For example, let’s have a look at March/June 2016 question paper, the question is as follows:Sale of equity investment in the European country
It can be assumed that the date today is 1 March 2016.
It is expected that Lirio Co will receive Euro (€) 20 million in three months’ time from the sale of its investment. The € has continued to remain weak, while the $ has continued to remain strong through 2015 and the start of 2016. The financial press has also reported that there may be a permanent shift in the €/$ exchange rate, with firms facing economic exposure. Lirio Co has decided to hedge the € receipt using one of currency forward contracts, currency futures contracts or currency options contracts.

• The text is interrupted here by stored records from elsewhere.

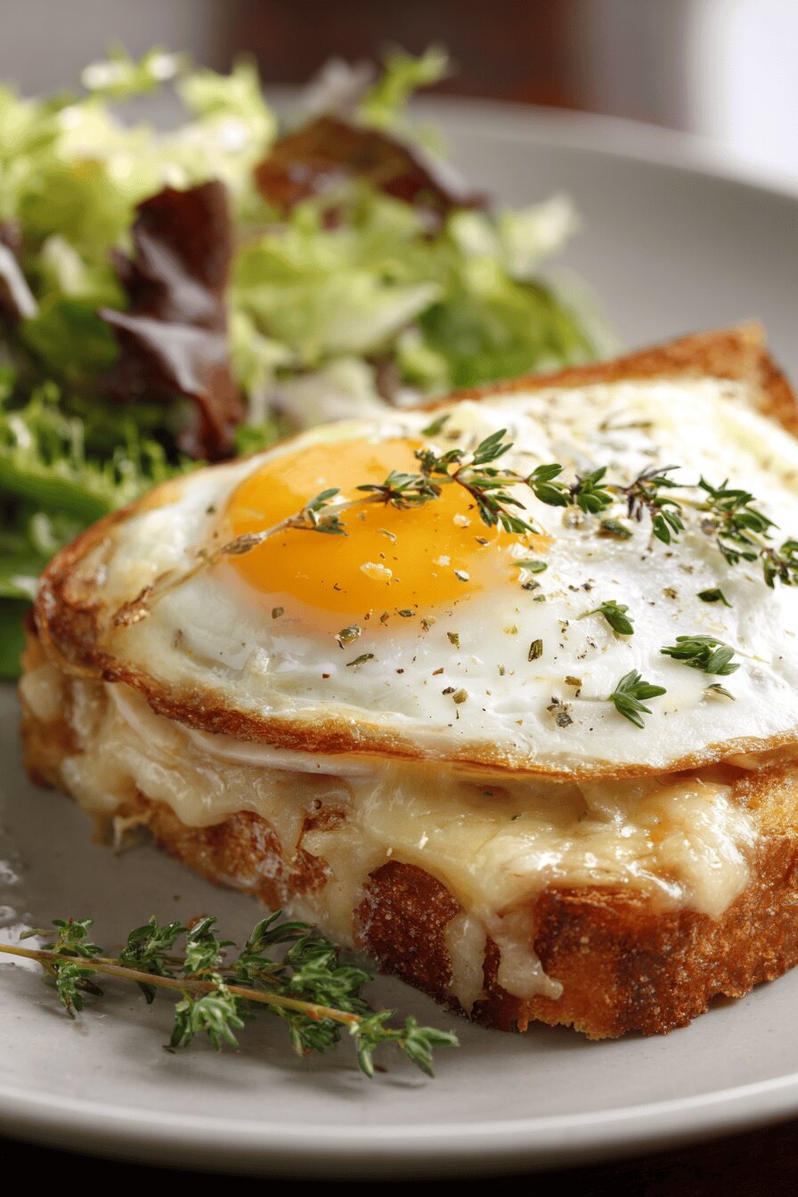 A creamy béchamel with shallot and smoked gouda under toasted sourdough. Layers of turkey instead of traditional ham, topped with a sunny-side egg fried in olive oil and a hint of thyme. Baked until golden, cheese melted. A fresh green salad with a zesty apple-dijon vinaigrette on the side. Nourishing French-style open sandwich with a subtle smoky twist and herb aroma. Quick to assemble, modest oven baking. Protein rich, comforting midweek meal.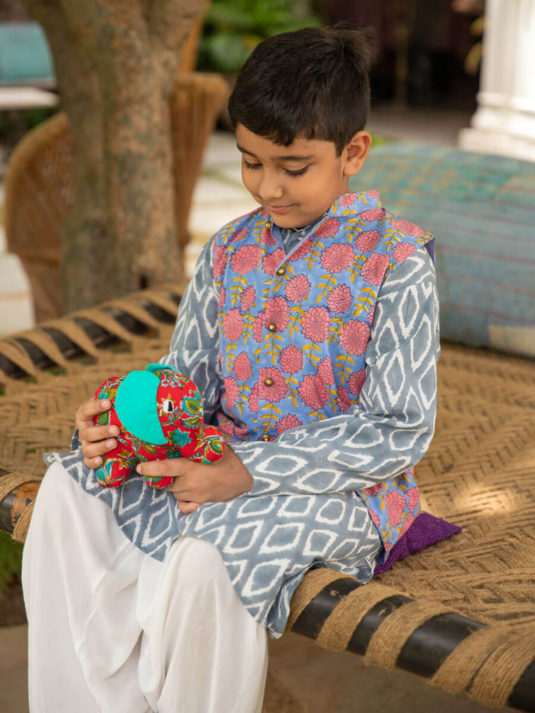 Set of 3 - Anant Organic Cotton Block Printed Long Kurta with Jacket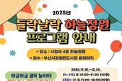 부산시는 시청 4층 하늘정원과 3층 열린도서관에서 전 세대를 위한 생태․인문 체험 프로그램을 운영한다고 밝혔다. 이번 프로그램은 ▲도심 속 녹색 공간인 하늘정원에서 자연과 교감하며 배우는 생태학습 프로그램과 ▲철학적 사유를 통해 정서적 치유를 도모하는 인문 프로그램으로 구성했다. 먼저, 시청 4층 하늘정원에서는 오는 11월 12일부터 12월 20일 중에 유아․어린이․가족 대상으로 생태학습, 전통놀이 등의 다채로운 활동이 이어진다. 대표 프로그램은 ▲기차놀이, 제기차기, 대문놀이 등 전통놀이를 체험하는 ‘와글와글 골목 놀이터’ ▲환경생태 동화와 만들기 활동이 결합된 ‘생태야, 놀자!’ ▲생태 그림책 작가와 함께하는 가족 생태 예술체험 ‘나의 정원 속 동물 친구들’ 등이다. 한편, 시청 3층 열린도서관에서는 오늘(6일)과 11월 13일 오후 7시, 성인을 대상으로 한 '철학 카페: 사라짐과 남겨진 질문들'을 마련했다. 이번 행사는 가을 ‘책 추천(북 큐레이션)’ 전시 '사라짐의 서가'를 바탕으로, ‘삶과 죽음’, ‘존재와 사라짐’이라는 보편적 주제를 대담자와 시민이 함께 탐구하는 인문학 프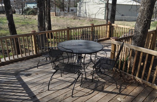 Fully equipped kitchen. Large rear deck shaded by large oak trees make for pleasant outdoor dining. Parking for 4 vehicles, including 2-car carport. HDTV with local broadcast channels. DVD player with large selection of classic family-friendly movies.

The following exchange contracts and rates are available to Lirio Co.
$ Per €1
Spot rates $1·1585 – $1·1618
Three-month forward rates $1·1559 – $1·1601Currency futures (contract size $125,000, quotation: € per $1)
March futures €0·8638
June futures €0·8656In the above scenario, what rate we would use in order to find out the amount that will be received on the date of transaction, i.e. in three months’ time?
Any help will be hugely appreciated.
Regards,
SamAugust 22, 2016 at 6:14 am #334445Some exam questions give the spot rate at the date of the transaction (in which case you use it as in the lectures), others do not.
If you are not given the spot rate at the date of the transaction then you calculate the ‘lock-in’ rate (which is the net effect of converting the transaction at spot together with the gain or loss on the futures – we can calculate this because we can calculate how the basis will change).
If you watch my free lecture on lock-in rates (it is listed on the list of lectures) then I explain this in detail.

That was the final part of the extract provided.